-- Work instructions --
Word for word, copy the data that follows and skip its pictures.

-- Supplied information --
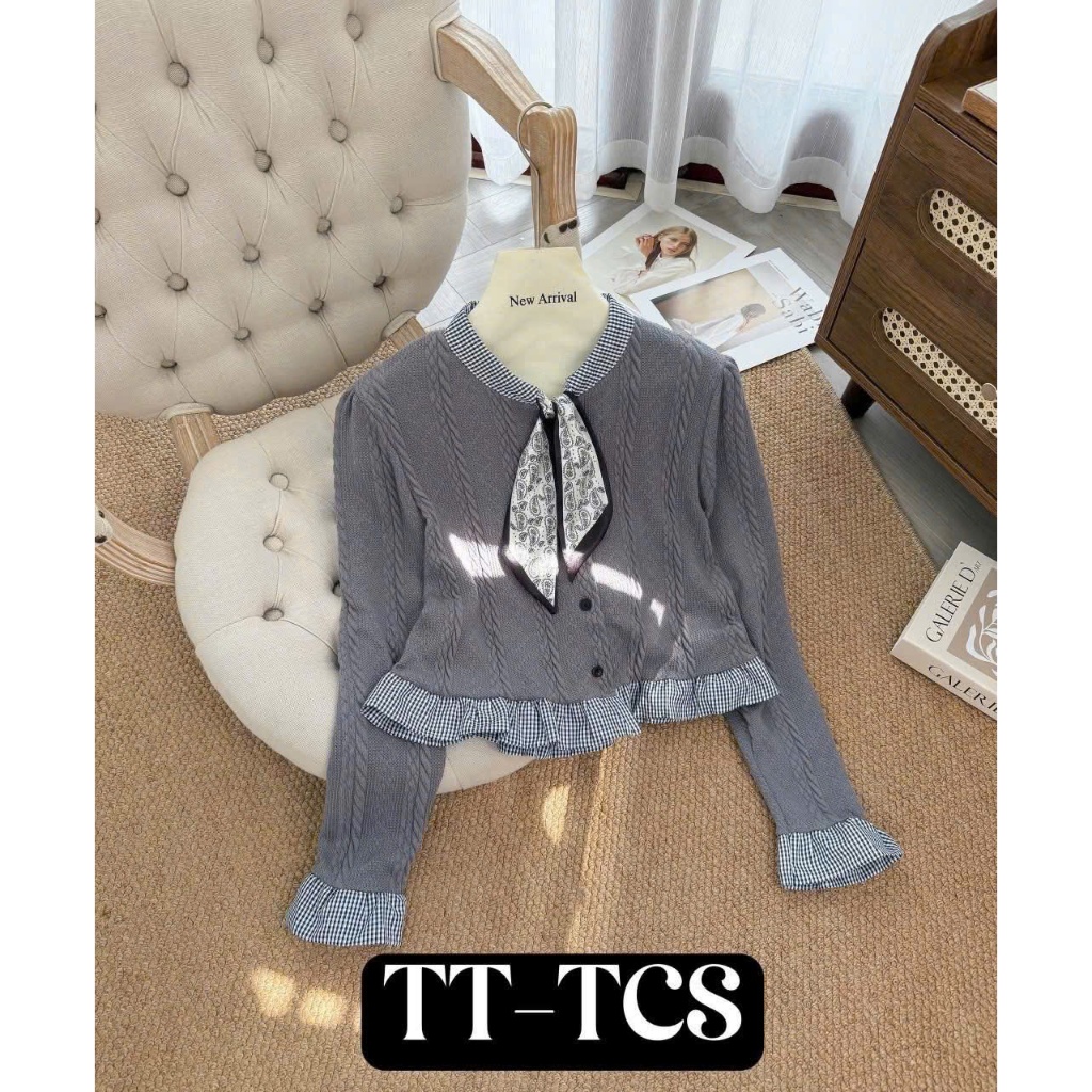 Áo Len Nữ Dài Tay Hàn Quốc, Áo Len Cổ Ngọc Phối Viền Kẻ Buộc Nơ Viền Tay Bèo Tiểu Thư Freesize HQA4
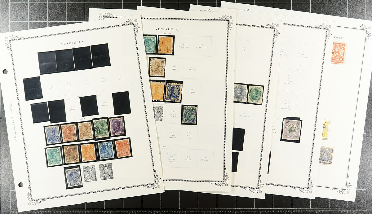 South America. Interesting accumulation of mint and South America material, 1880's-1970's, containing a few thousand stamps mostly on album pages, along with a small album, stockbook, etc. We note better representation from Venezuela, Argentina, Brazil, just to name a few, encountering singles, sets, and partial sets, including back of the book material, with a few items cataloguing $10 and up. Owner's older catalogue value for the lot totals US$971.00, leaving better finds to the dedicated collector. A vastly underappreciated area of philately and well worth a look at our online photos. Estimate =
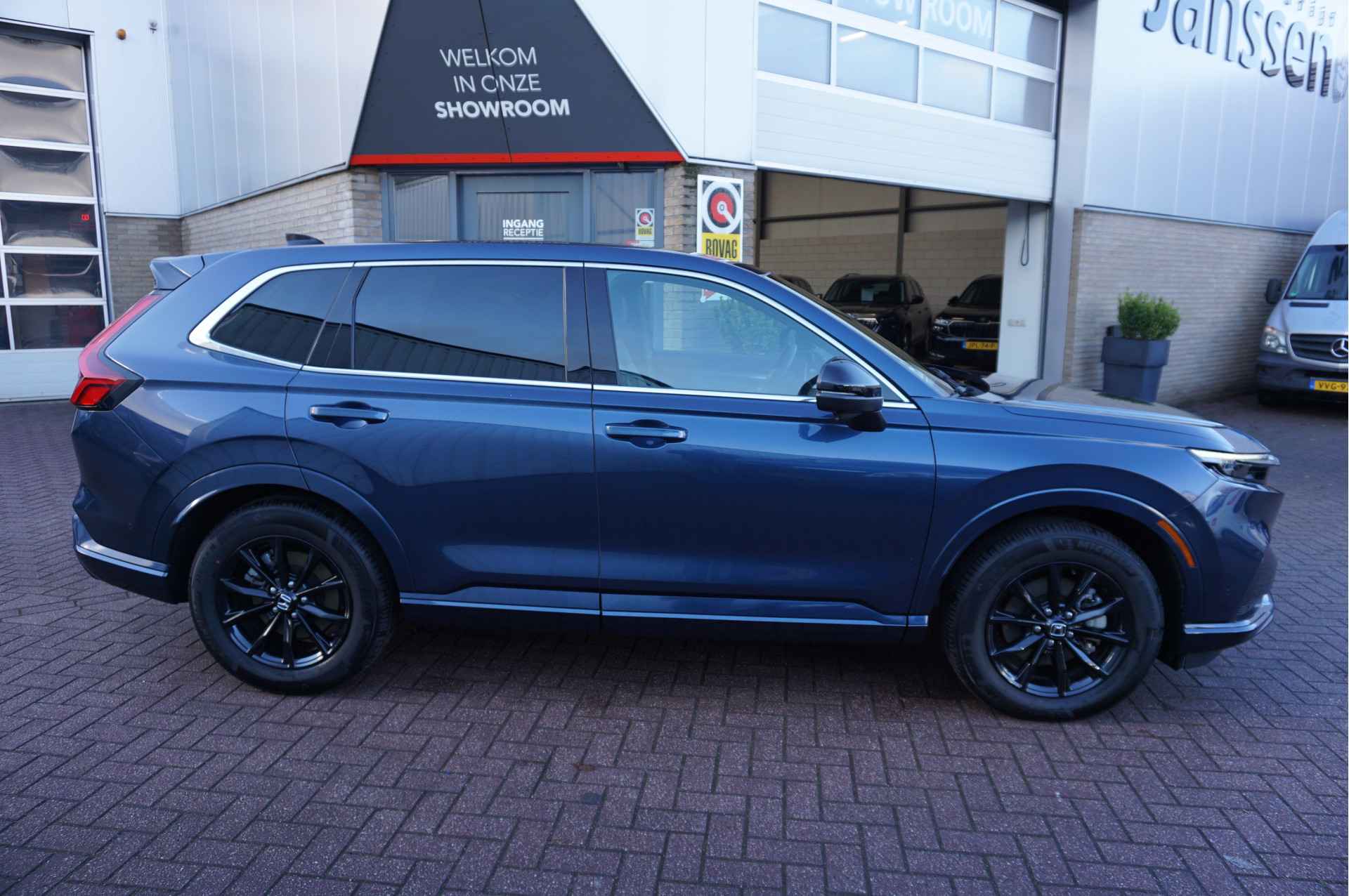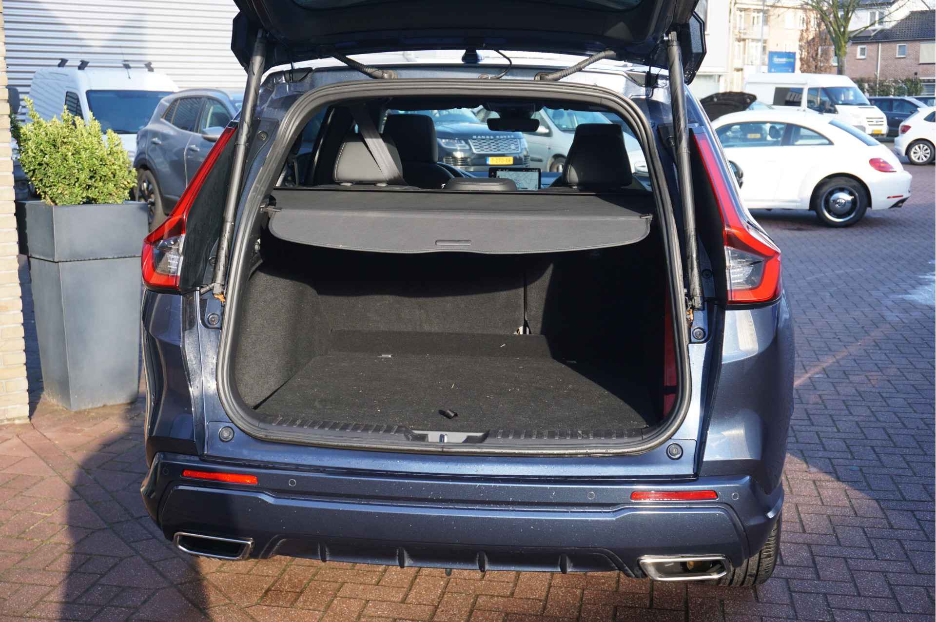 Bij de bouw van de Honda CR-V wordt niets aan het toeval overgelaten. Vandaar dat hier een auto staat die in optimale conditie verkeert. Op een dag rijden we allemaal elektrisch. Maar voor nu is de hybride oplossing van elektrisch en benzine ideaal! Zo ook bij deze Honda CR-V. Zit u goed? De stoelen zijn eenvoudig instelbaar dankzij de elektrische bediening met geheugen. De achterklep opent automatisch met een druk op de knop. Handig als u met volle handen staat. Het glazen panoramadak laat meer licht binnen in het interieur en zorgt voor een magnifiek uitzicht naar buiten. Ook op de achterbank kunnen passagiers zichzelf snel opwarmen dankzij de achterbankverwarming. Ook is de auto voorzien van: 18 inch lichtmetalen velgen, LED-koplampen, adaptief dempingsysteem, trailer assistent, dakspoiler en donker getint glas achter.

-- Written answer --
 Áo Len Nữ Dài Tay Hàn Quốc, Áo Len Cổ Ngọc Phối Viền Kẻ Buộc Nơ Viền Tay Bèo Tiểu Thư Freesize HQA4
 South America. Interesting accumulation of mint and South America material, 1880's-1970's, containing a few thousand stamps mostly on album pages, along with a small album, stockbook, etc. We note better representation from Venezuela, Argentina, Brazil, just to name a few, encountering singles, sets, and partial sets, including back of the book material, with a few items cataloguing $10 and up. Owner's older catalogue value for the lot totals US$971.00, leaving better finds to the dedicated collector. A vastly underappreciated area of philately and well worth a look at our online photos. Estimate =
 Bij de bouw van de Honda CR-V wordt niets aan het toeval overgelaten. Vandaar dat hier een auto staat die in optimale conditie verkeert. Op een dag rijden we allemaal elektrisch. Maar voor nu is de hybride oplossing van elektrisch en benzine ideaal! Zo ook bij deze Honda CR-V. Zit u goed? De stoelen zijn eenvoudig instelbaar dankzij de elektrische bediening met geheugen. De achterklep opent automatisch met een druk op de knop. Handig als u met volle handen staat. Het glazen panoramadak laat meer licht binnen in het interieur en zorgt voor een magnifiek uitzicht naar buiten. Ook op de achterbank kunnen passagiers zichzelf snel opwarmen dankzij de achterbankverwarming. Ook is de auto voorzien van: 18 inch lichtmetalen velgen, LED-koplampen, adaptief dempingsysteem, trailer assistent, dakspoiler en donker getint glas achter.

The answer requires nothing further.